Water can be in three main aggregate states: liquid, firm and gaseous. Steam, in turn, is nonsaturated and saturated - having the identical temperature and pressure with the boiling water. If temperature of water vapor at increase in pressure exceeded 100 degrees Celsius, then such steam is called superheated. Often when studying a school course of physics or when carrying out technological process there is a task: to determine pressure of water vapor under some specific conditions.
Instruction
1. Let's say you were given the following task: in a certain metal vessel filled in water in quantity which is equal to a quarter of its volume. After that the vessel was closed hermetically and heated to temperature equal to 500 OS. If to present that all water which was in a vessel evaporated what pressure of this steam will be? At first the vessel contained one water (its quantity which turned into gaseous state is insignificant a little therefore it can be neglected). Designate its weight as m, and volume as V1. Therefore, density of water will be calculated on a formula: ρ1 = m/V1.
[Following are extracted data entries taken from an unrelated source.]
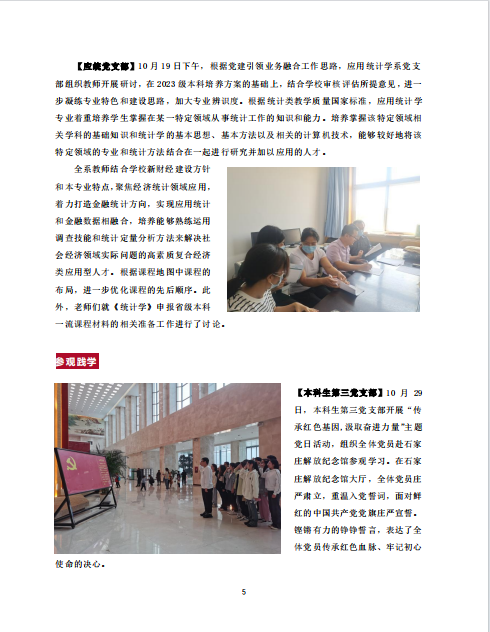 【应统党支部】10月19日下午,根据党建引领业务融合工作思路,应用统计学系党支部组织教师开展研讨,在2023级本科培养方案的基础上,结合公司审核评估所提意见,进一步凝练专业特色和建设思路,加大专业辨识度。根据统计类教学质量国家标准,应用统计学专业着重培养员工掌握在某一特定领域从事统计工作的知识和能力。培养掌握该特定领域相关学科的基础知识和统计学的基本思想、基本方法以及相关的计算机技术,能够较好地将该特定领域的专业和统计方法结合在一起进行研究并加以应用的人才。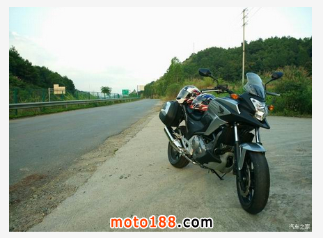 好了,說了那么多,也該說說缺點了,這個車由于是雙缸的設計,所以振動是沒有四缸車的小,這個是相對來說,但絕非國產單缸機那種離譜的爆振!再者就是排氣的聲音啦,本田摩托車一向就是以安靜而著稱,NC700x作為雙缸車,雖然排量大至700CC,但出來的聲音依然寧靜,但靜而不散,實而不薄,開起來總是那么的不顯山不露水。聲音這點,我從CB400換到這個車覺得是最難適應的。最后就是車型,NC700x定位就是新概念偏向全地形風格的車,所以它的外形比較魁梧,這點我前面也說了,比較欺負人,龐大的外型,長軸距注定它與山道無緣,我實際駕駛的心得就是轉彎半徑大,跑一些蜿蜒曲折的山道,略顯笨重,不得不減至比街車更低的速度,才能順利過彎,所以再此我誠意奉勸,正在駕駛或者正準備購入此車跑山的兄弟,一定要管好右手,注意控制速度,畢竟我們只是摩托愛好者,我們享受的是摩托車帶給我們的自由與奔放,絕非速度與激情!謝謝!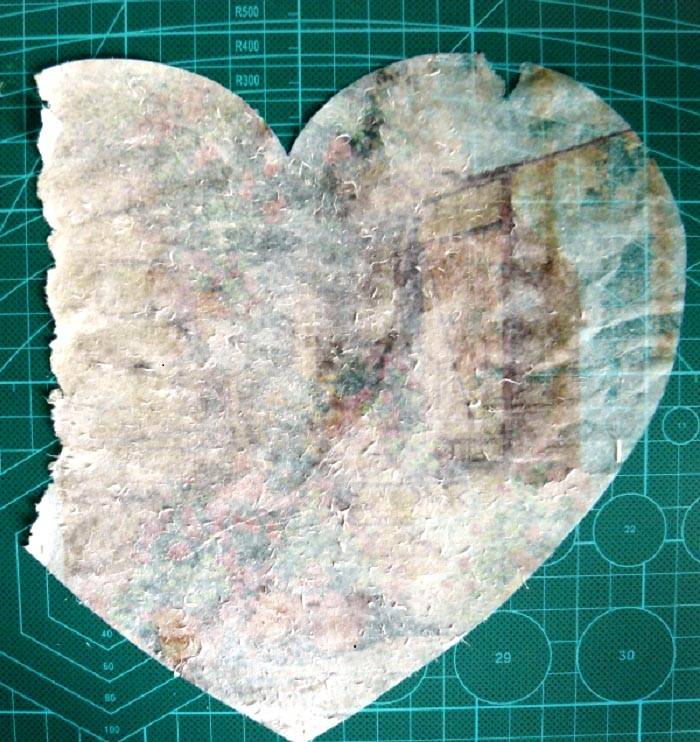 הבסיס מוכן ואז המשך לעבוד עם התדפיס: אתה צריך את התדפיס עצמו וספוג לשטיפת כלים. הניחו את התצלום עם הפנים כלפי מטה וסחו את הנייר, החלקו כדי לגלגל את השכבה העליונה.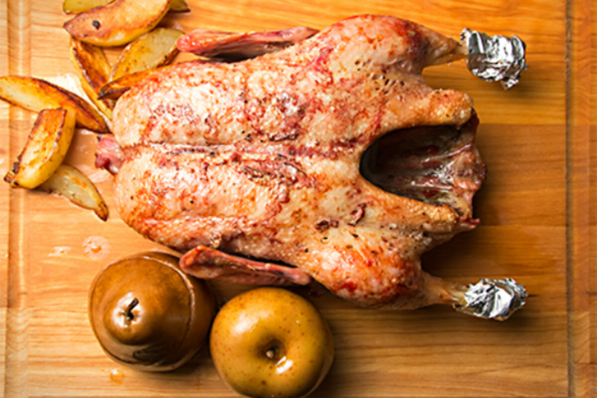 Now, roasting a chicken is certainly fine for a chilly Sunday afternoon. But roasting a duck is a whole other kind of wonderful. As we鈥檝e said in an earlier post, the flavor is richer, meatier and more intense than chicken. Even duck breasts, while considered 鈥渨hite meat,鈥 are darker than chicken or turkey. According to the USDA, it鈥檚 because they are birds of flight, and 鈥渕ore oxygen is needed by muscles doing work, and the oxygen is delivered to those muscles by the red cells in the blood.鈥

2. After heating in a vessel there was one water vapor of the same mass of m, but the bigger volume of V2 borrowing four times. Therefore, density of water vapor is equal: ρ2 = ρ1/4.
3. Now transfer temperature from degrees Celsius to degrees Kelvin. 500 degrees Celsius are approximately equal to 773 degrees Kelvin (273 + to Shopping center).
4. Write the universal equation of Mendeleyev-Klapeyrona. Of course, strongly heated water vapor cannot be considered at all as ideal gas which condition it describes, but the error in calculations will be rather small. P2V2 = mRT/µ or, transforming it taking into account that V2 is four times more, than V1: 4P2V1 = mRT/µ. Where P2 – that pressure of water vapor which you need to find; R – universal gas constant approximately equal 8.31; T – temperature in degrees Kelvin (773); and µ – the molar mass of water (or water vapor), equal 18 grams/mol (0.018 kg/mol).
5. Thus, at you the formula turns out: P2 = mRT/4V1 µ. However as initial volume of V1 = m/ρ1, total type of the equation is as follows: P2 = ρ1RT/4µ. Having substituted the known sizes in a formula, and knowing what water density is equal to, calculate the required size of pressure of water vapor.